Copy nothing but the text: reproduce each line of the listing exactly and leave the pictures out.

SUPPLIED INFORMATION:
--------

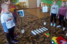 Сегодня мы повторили дорожные знаки.Играли сюжетно-ролевые игры" Моё поведение на большой дороге".Дети остались довольными.
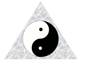 Waar dualisme twee elementen nodig heeft, is er impliciet een derde element: de combinatie daarvan. Het meest bekende model dat dit vertegenwoordigt, is de driehoek of piramide. Twee elementen aan de basis en één combinerend element aan de bovenkant. Dit model is heel gemakkelijk voor de hersenen om mee om te gaan: het geeft hiërarchie (niveaus) en structuur in een complexe wereld van binaire keuzes. Piramides zelf zijn weer onderdelen van grotere constructies, maar je hoeft daar niet naar te kijken als je tevreden bent met de reikwijdte van je eigen piramide. Zie eens hoe onze wereld zich opbouwt uit steden, provincies, landen en continenten. Hoe er binnen de steden weer verenigingen, sportclubs, vakbonden, favoriete horecagelegenheden, gezinnen enzovoort zijn. We werken voor een werkgever, binnen een afdeling en een team… En alle afzonderlijke elementen hebben enig leiderschap. Zelfs in religies zie je dat de driehoek heel vaak terugkomt om eenheid te tonen, maar met verschillende niveaus tussen top en basis. De piramide is een zeer stabiele constructie en onderhoud vereist weinig energie.
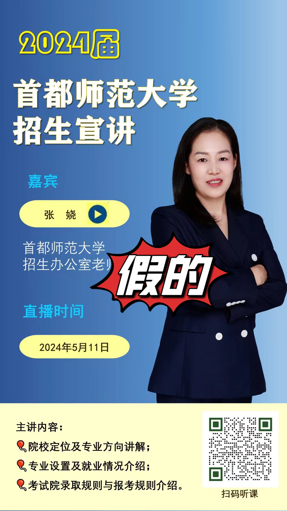 新京报记者从首都师范大学知情人处了解到,其同事接到有关中学的咨询才发现这一冒充行为。在对方提供的名为《2024届首都师范大学招生宣讲》的电子海报显示,宣讲嘉宾是“首都师范大学招生办公室老师张娆”,首都师范大学证实此人并非该校人员。

--------

WRITTEN SOLUTION:
 Сегодня мы повторили дорожные знаки.Играли сюжетно-ролевые игры" Моё поведение на большой дороге".Дети остались довольными.
 Waar dualisme twee elementen nodig heeft, is er impliciet een derde element: de combinatie daarvan. Het meest bekende model dat dit vertegenwoordigt, is de driehoek of piramide. Twee elementen aan de basis en één combinerend element aan de bovenkant. Dit model is heel gemakkelijk voor de hersenen om mee om te gaan: het geeft hiërarchie (niveaus) en structuur in een complexe wereld van binaire keuzes. Piramides zelf zijn weer onderdelen van grotere constructies, maar je hoeft daar niet naar te kijken als je tevreden bent met de reikwijdte van je eigen piramide. Zie eens hoe onze wereld zich opbouwt uit steden, provincies, landen en continenten. Hoe er binnen de steden weer verenigingen, sportclubs, vakbonden, favoriete horecagelegenheden, gezinnen enzovoort zijn. We werken voor een werkgever, binnen een afdeling en een team… En alle afzonderlijke elementen hebben enig leiderschap. Zelfs in religies zie je dat de driehoek heel vaak terugkomt om eenheid te tonen, maar met verschillende niveaus tussen top en basis. De piramide is een zeer stabiele constructie en onderhoud vereist weinig energie.
 新京报记者从首都师范大学知情人处了解到,其同事接到有关中学的咨询才发现这一冒充行为。在对方提供的名为《2024届首都师范大学招生宣讲》的电子海报显示,宣讲嘉宾是“首都师范大学招生办公室老师张娆”,首都师范大学证实此人并非该校人员。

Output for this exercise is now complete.